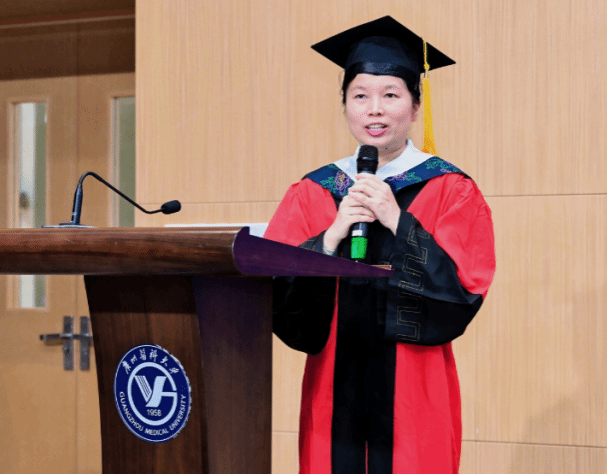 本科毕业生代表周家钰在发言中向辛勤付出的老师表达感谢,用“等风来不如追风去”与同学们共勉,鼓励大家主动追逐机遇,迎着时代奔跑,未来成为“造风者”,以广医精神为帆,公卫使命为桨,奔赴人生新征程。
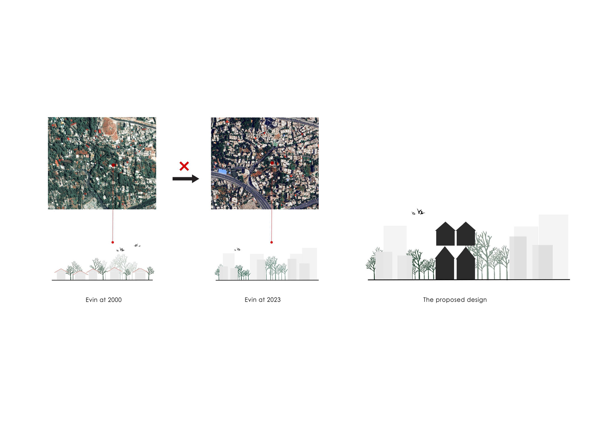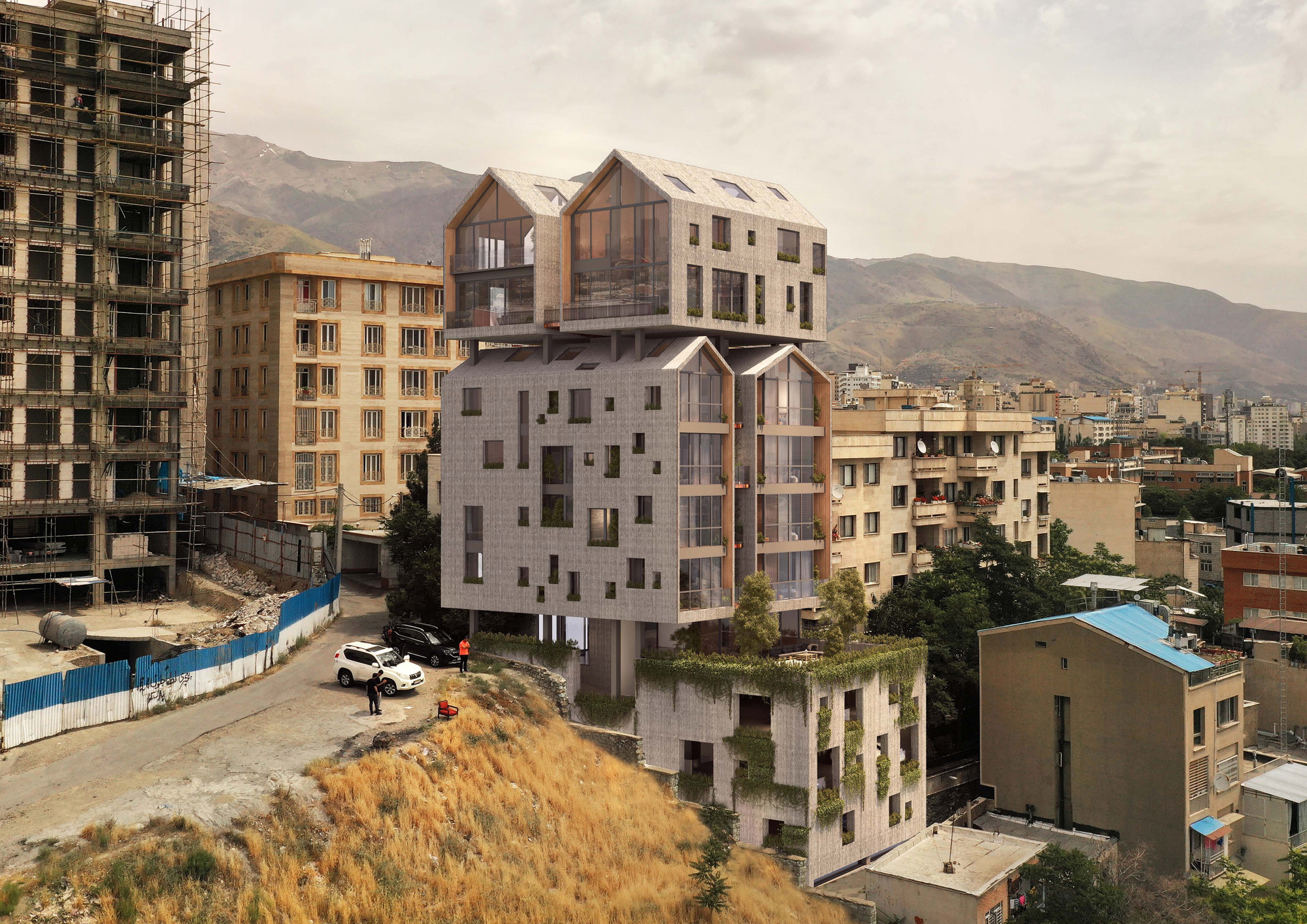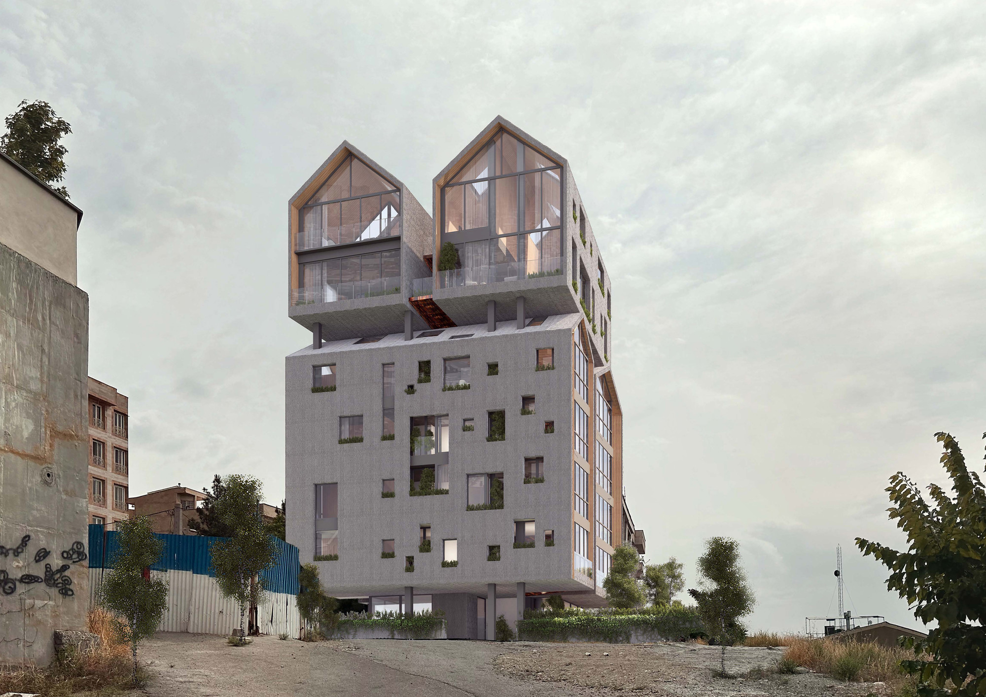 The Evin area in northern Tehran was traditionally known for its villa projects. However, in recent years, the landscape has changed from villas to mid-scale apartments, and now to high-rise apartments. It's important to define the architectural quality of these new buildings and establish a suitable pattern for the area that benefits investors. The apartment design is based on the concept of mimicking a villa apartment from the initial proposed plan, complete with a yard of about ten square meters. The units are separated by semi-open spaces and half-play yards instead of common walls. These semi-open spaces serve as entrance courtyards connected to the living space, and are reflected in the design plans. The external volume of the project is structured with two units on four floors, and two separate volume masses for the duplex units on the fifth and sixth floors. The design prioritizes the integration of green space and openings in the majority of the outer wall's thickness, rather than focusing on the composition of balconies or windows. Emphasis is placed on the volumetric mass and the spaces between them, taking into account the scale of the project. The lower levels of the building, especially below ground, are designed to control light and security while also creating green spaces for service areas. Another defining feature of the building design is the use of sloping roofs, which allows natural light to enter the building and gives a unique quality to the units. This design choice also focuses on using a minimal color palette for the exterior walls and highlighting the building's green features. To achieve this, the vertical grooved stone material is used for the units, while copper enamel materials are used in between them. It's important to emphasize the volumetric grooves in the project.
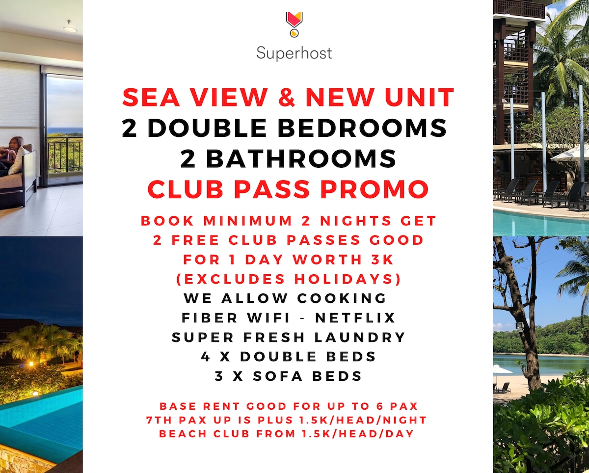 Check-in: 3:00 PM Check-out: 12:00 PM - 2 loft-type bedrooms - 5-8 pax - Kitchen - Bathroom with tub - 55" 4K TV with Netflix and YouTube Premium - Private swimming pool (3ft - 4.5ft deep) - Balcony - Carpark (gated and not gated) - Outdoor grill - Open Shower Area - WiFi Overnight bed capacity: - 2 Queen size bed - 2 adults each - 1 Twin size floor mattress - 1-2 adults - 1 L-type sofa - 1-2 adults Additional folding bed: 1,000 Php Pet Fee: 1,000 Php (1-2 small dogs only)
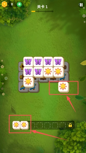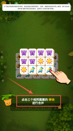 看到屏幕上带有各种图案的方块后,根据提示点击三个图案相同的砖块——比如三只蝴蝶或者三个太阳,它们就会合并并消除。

··········

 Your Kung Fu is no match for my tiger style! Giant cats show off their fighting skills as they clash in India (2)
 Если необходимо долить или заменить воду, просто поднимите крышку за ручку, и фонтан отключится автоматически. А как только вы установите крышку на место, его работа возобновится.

··········

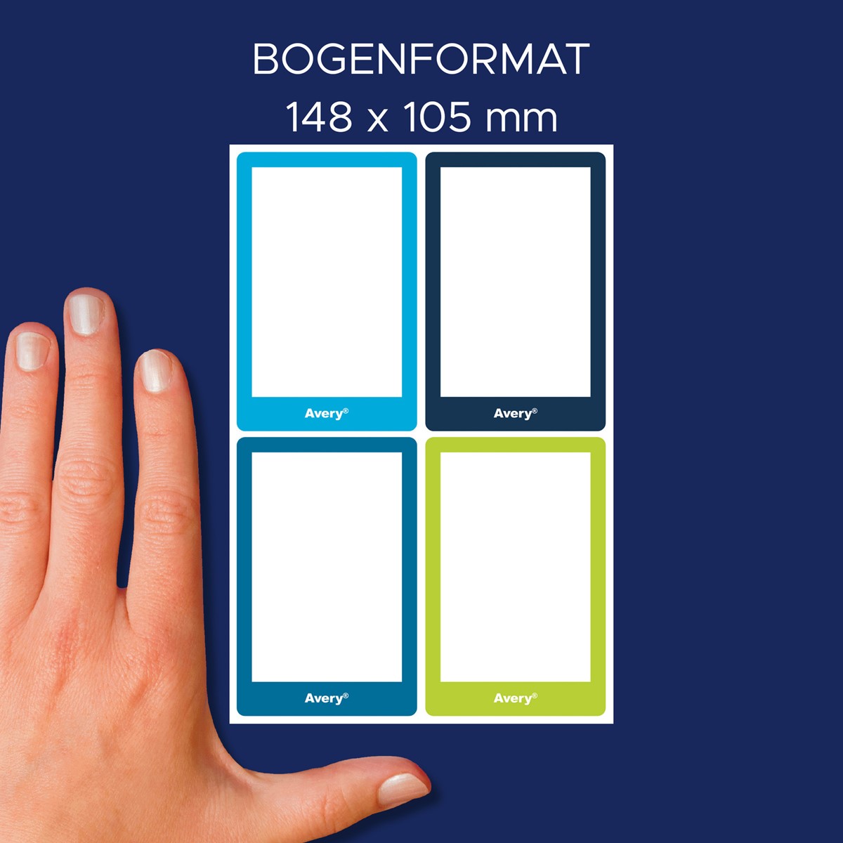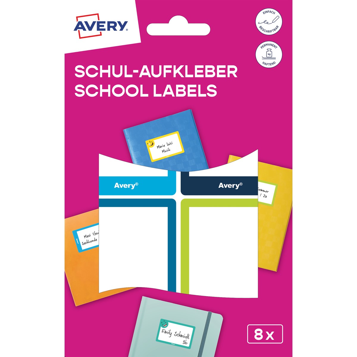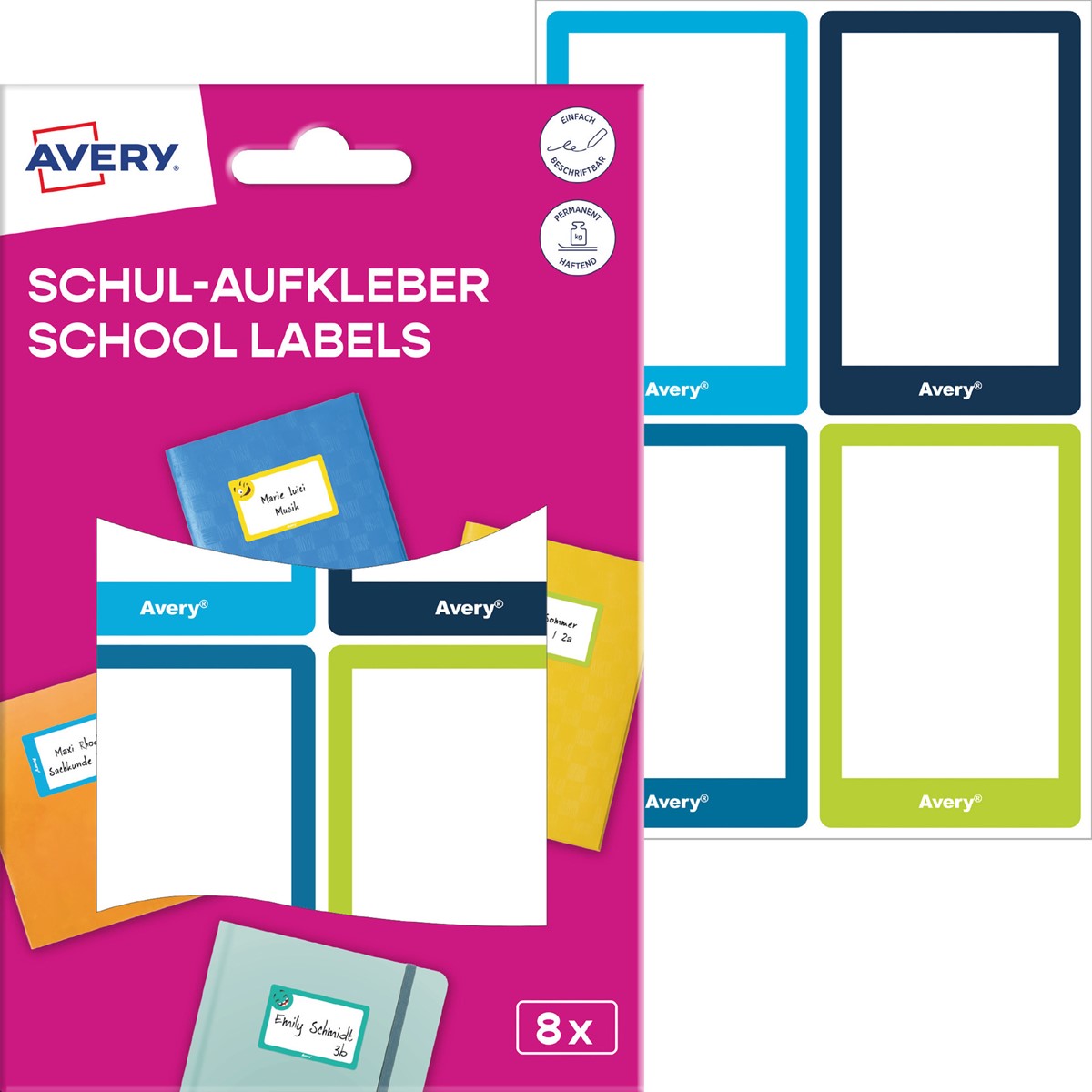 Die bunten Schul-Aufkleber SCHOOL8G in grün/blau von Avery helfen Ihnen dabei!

··········

In the entries above, find the line holding "Your Kung Fu" and the line holding "Если необходимо долить"; print both of them and every line between, exactly, and nothing else.

 Your Kung Fu is no match for my tiger style! Giant cats show off their fighting skills as they clash in India (2)
 Если необходимо долить или заменить воду, просто поднимите крышку за ручку, и фонтан отключится автоматически. А как только вы установите крышку на место, его работа возобновится.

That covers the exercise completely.